An amazing listing photo shared on Reddit shows clear blue skies in the background of a lovely Craftsman style house — even though the eaves and siding of the home are clearly getting pelted by raindrops.
It’s hardly an isolated example. “Photo editing, including enhancing light and removing clouds, is now more common than not,” broker Michael Doyle told Curbed. Real estate marketing company Planomatic even includes free blue sky touch-ups with its photography packages.
“The result isn’t an artificial photo,” said Doyle, managing broker at Windermere Midtown. “It’s one that shows the property in the best light… literally.”
As someone who’s pretty handy with Photoshop’s clone stamp tool, my big question is where they’re borrowing their blue skies from. Are those wispy clouds actually floating high over San Diego?
In a way, the practice feels pretty harmless — it’s not misrepresenting anything about the house itself, after all, just the conditions outside at the time of a photo. It’s not like the sun never shines in Seattle. (I definitely saw the sun for like four straight hours when I visited one August.) And where do we draw the line between bumping up the contrast, saturation, or brightness of a photo, and changing a grey sky to blue?
But, as when you hear about anyone tampering with the weather — from China’s “government rain” to Mr.
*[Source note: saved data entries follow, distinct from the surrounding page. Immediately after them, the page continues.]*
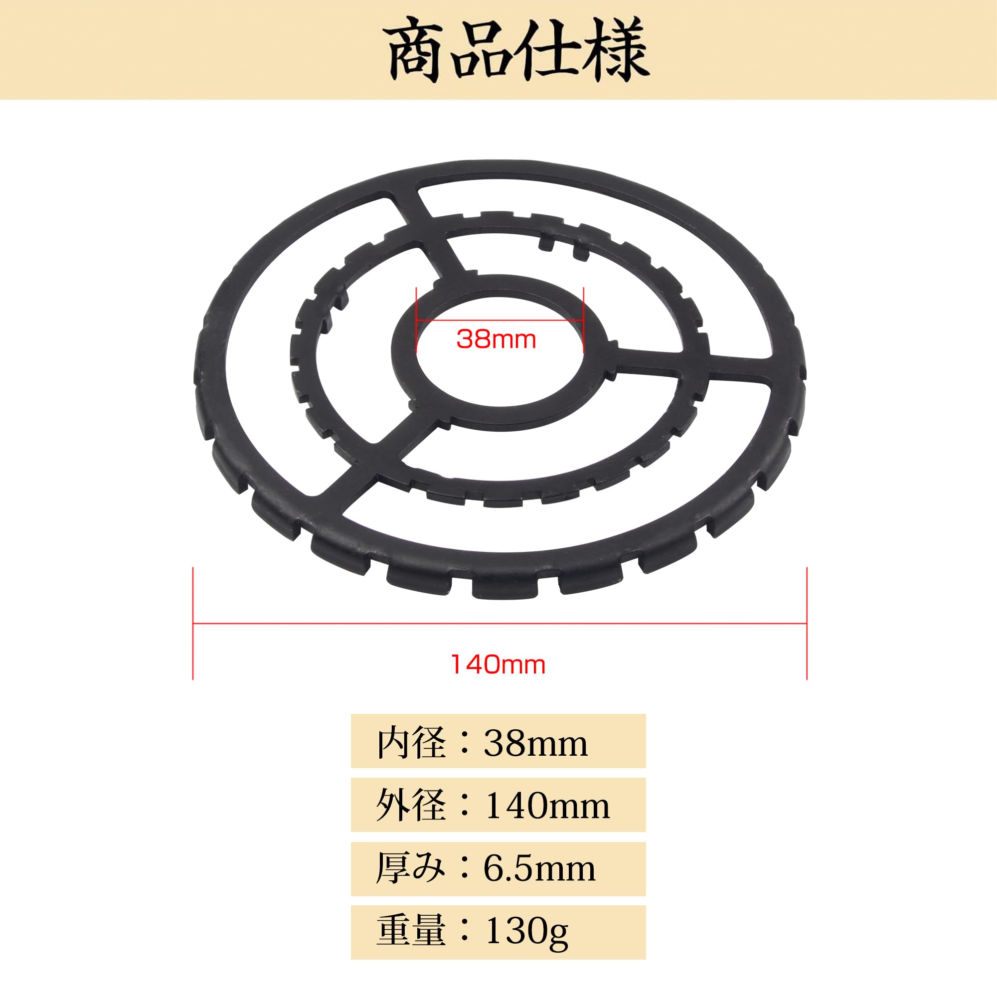 包装内容;ミニ五徳、遮熱板(2件)。五徳:直径14cm 厚み:0.65mm 重量:130g 材質:鉄,表面に防錆油仕上げの為新品には油が付着しております。中性洗剤で一度洗えば落とせますので、ご注意くださいませ。五徳特許出願済み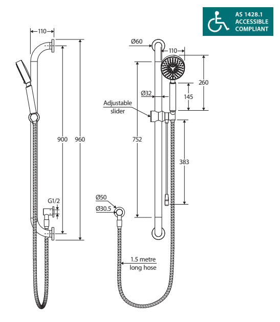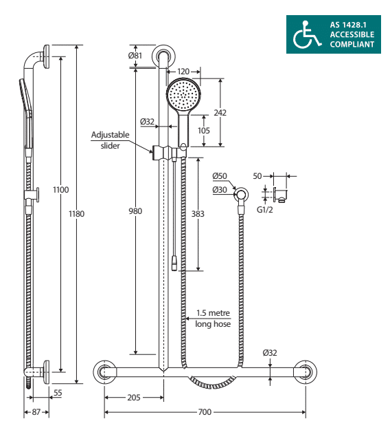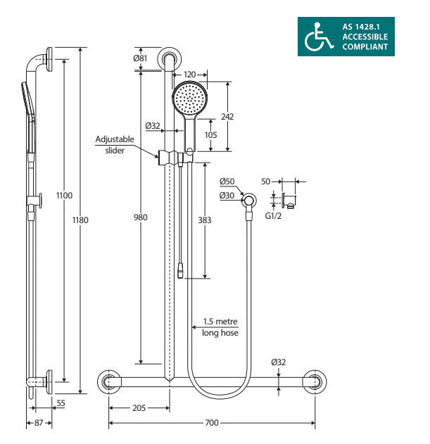 Our range of Care showers are suitable for independent living applications and are compliant with AS1428.1 for use in commercial bathrooms.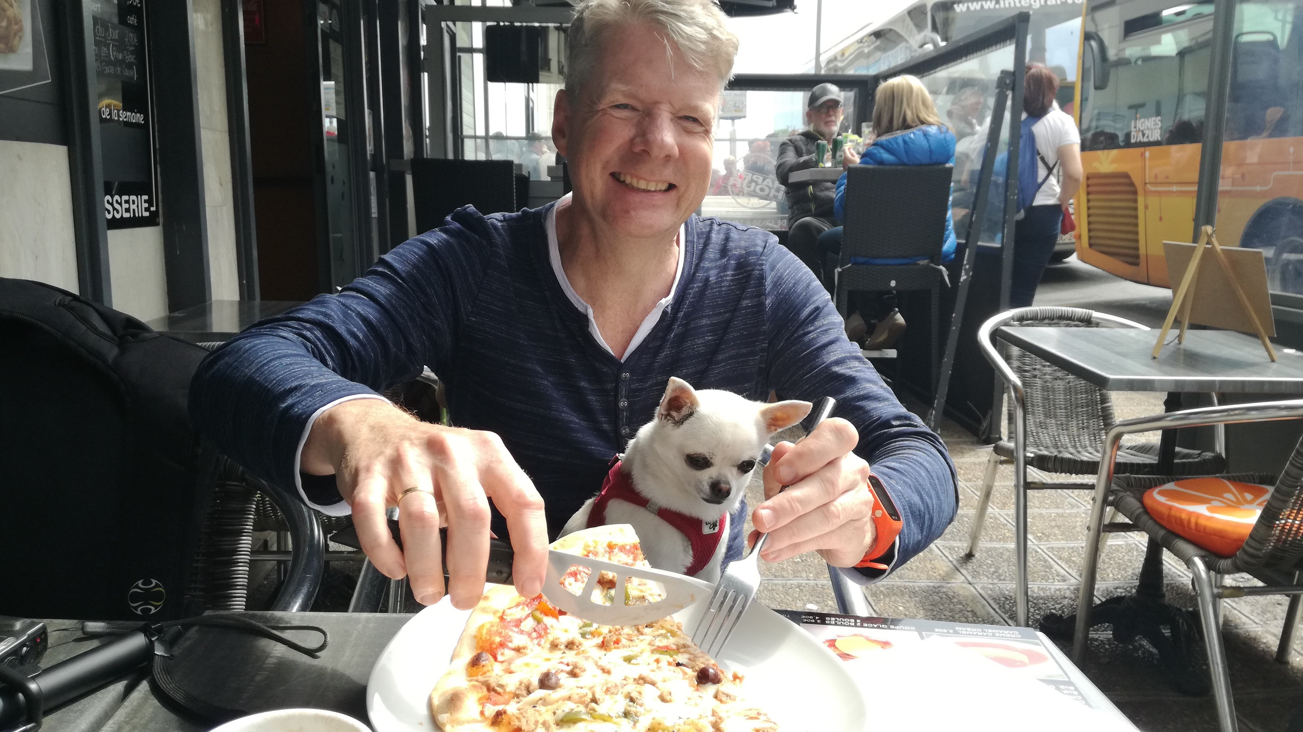 Cappuccino et pizza, délicieux, l'utilisation des toilettes est également gratuite, eau pour le chien incluse.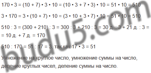 Задание № 1. Составь все возможные равенства из чисел 170, 3, 510. Какие приёмы умножения и деления выражают эти равенства?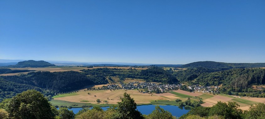 Oben angekommen reicht der Blick bei klarer Sicht bis zu Windkraftanlagen bei Morbach im Hunsrück, das ist immerhin rund 60 Kilometer entfernt. Näher sind von hier oben die erheblichen Trockenschäden nach drei zu trockenen Sommern in den Mischwaldhängen rund um das Meerfelder Maar.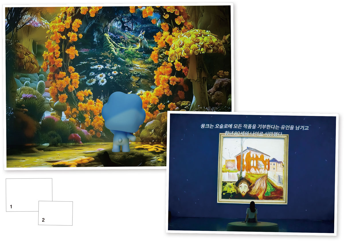 1관의 여운을 잠시 즐기다 2관으로 넘어갔어요. 2관은 오페라 극장으로 특별 상영이 진행되고 있었죠. 상영 시간표를 확인해 보았는데요. 상영시간이 30분이기 때문에 시간표를 미리 확인한 뒤 관람 동선을 짜면 좋아요. 지금은 ‘뭉크: 어둠의 저편’ 전시가 진행되고 있었어요. 인간의 불안과 고독, 죽음, 사랑의 감정을 강렬하게 표현했던 뭉크. 유년 시절 경험한 상실과 질병 때문일까요? 그의 작품은 독특한 분위기를 자랑하죠. 자리에 앉으면, 전시관의 벽면뿐 아니라 천장까지 커다란 스크린이 되어 상영됩니다. 그 규모가 웅장해서 파동이는 입을 벌리고 정신없이 감상했어요. 뭉크의 대표적인 작품, ‘절규’만 익숙했던 터라 그의 다른 작품들을 처음 감상해 보았는데요. 새롭기도 하고, 작품에 압도되는 기분을 느꼈어요. 자신의 상처를 예술로 승화할 수 있다는 것은 예술가의 특권이지 않을까 생각해 보게 되었답니다.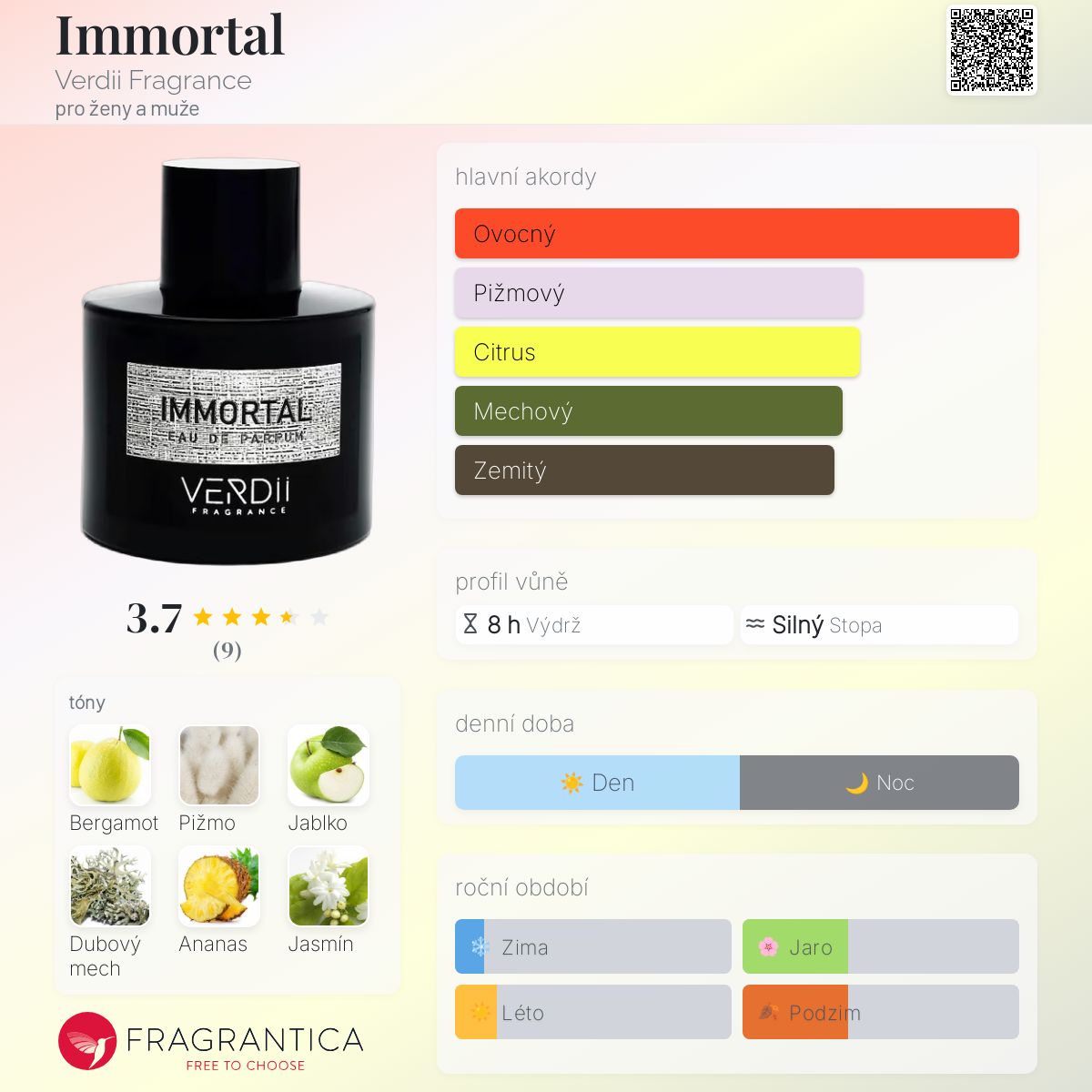 Immortal podle Verdii Fragrance je Chypre Fruity vůně pro ženy a muže. Immortal byl/a uveden/a v roce 2020. "Nosem" za touto vůní je Jérôme Epinette. Vrchní tóny jsou Bergamot, Jablko, Ananas a Černý rybíz; střední tóny jsouJasmín, Pačuli a Růže ; základní tóny jsou Pižmo, Dubový mech, Jantar (ambra) a Vanilka.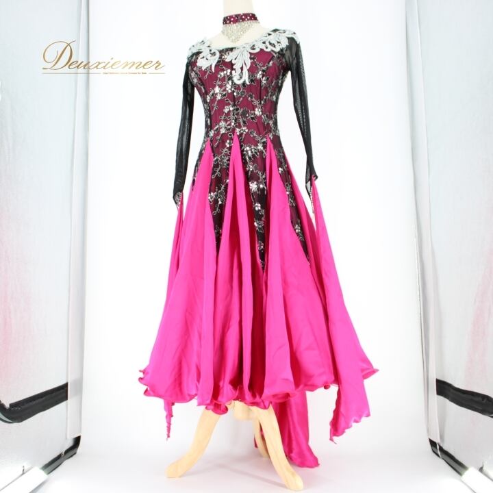 #社交ダンス #ダンス衣装 #ドレス #マゼンダピンク #ブラック #ファスナー付き #伸縮性 #スカート #フロートデザイン #スパンコール #ラインストーン #女性用トルソー #ダンスファッション #レイリーナ #Mサイズ #舞う #衣装 #特別な日 #パーティー #ENUTSU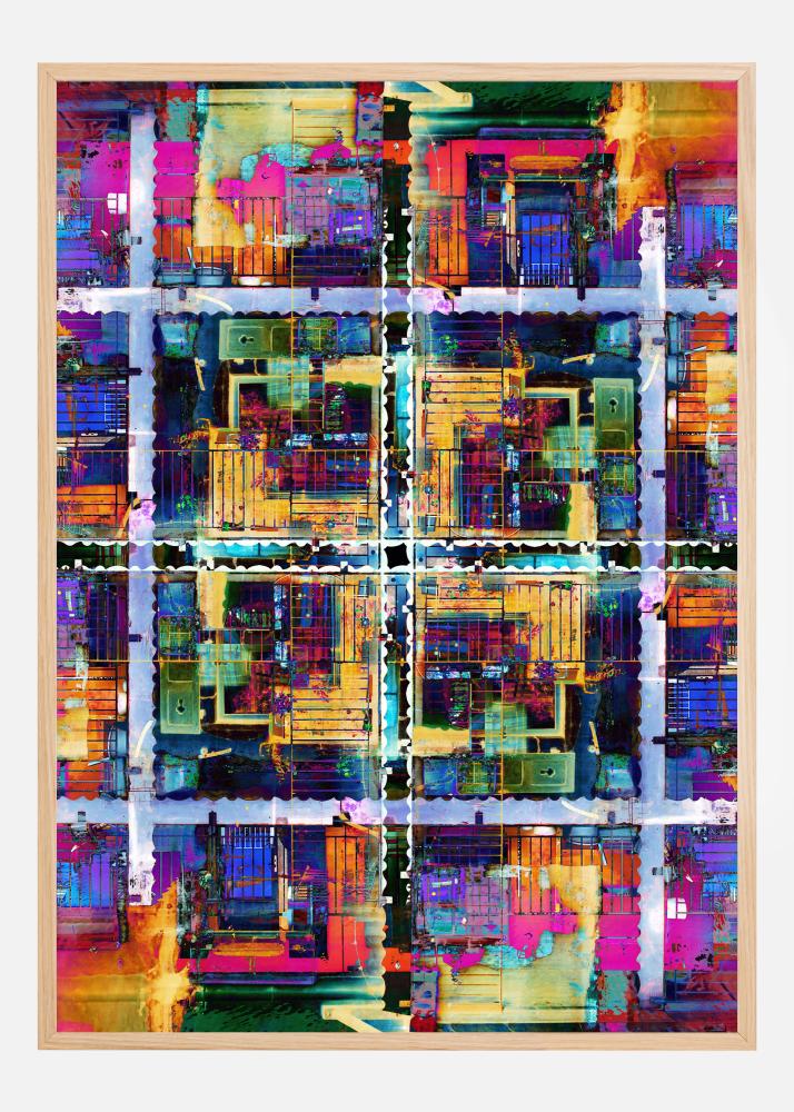 Ein Neonposter voller abstrakter Muster. Ein Regenbogen von Farben wie ein Ölteppich füllt dieses Bild, das wie ein Querschnitt durch ein Zimmer aussieht. Jedes Quadrat ist mit einem Rausch an Farben gefüllt, der dieses Bild zu einem faszinierenden Objekt macht, das man stundenlang betrachten kann - am besten in Kombination mit einer neutralen Wand.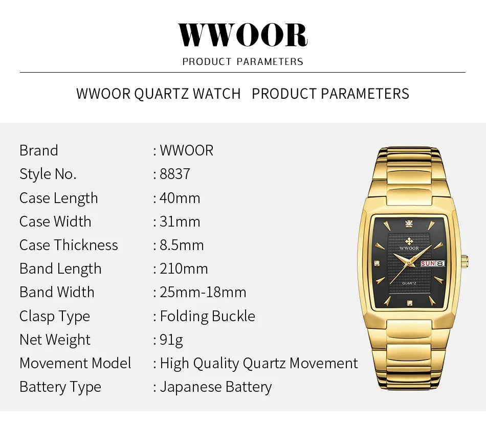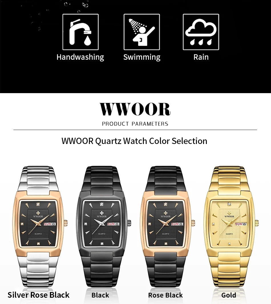 Perfect for daily wear or special events, the WWOOR 2024 Men’s Square Watch brings together beauty, quality, and practicality in one sophisticated package. Add this luxury watch to your collection and enjoy the elegance and versatility it brings to your look.

Burns’s diabolical plan to blot out his nemesis, the sun — it also just feels kind of… wrong. Maybe even fiendish, to quote Waylon Smithers.
More to the point, you have to wonder if it’s even necessary. Seattle was the hottest housing market in the country last year; you don’t need tricks to sell a home when nine out of ten listings end up in a bidding war. But house hunting is an aspirational and emotional process, and maybe even the false promise of sunshine is enough make home buyers feel a little better about forking over for those double-digit price increases.
Do you think it’s okay to Photoshop the sky in a home listing? What do you think will be the next frontier in real estate truth-bending?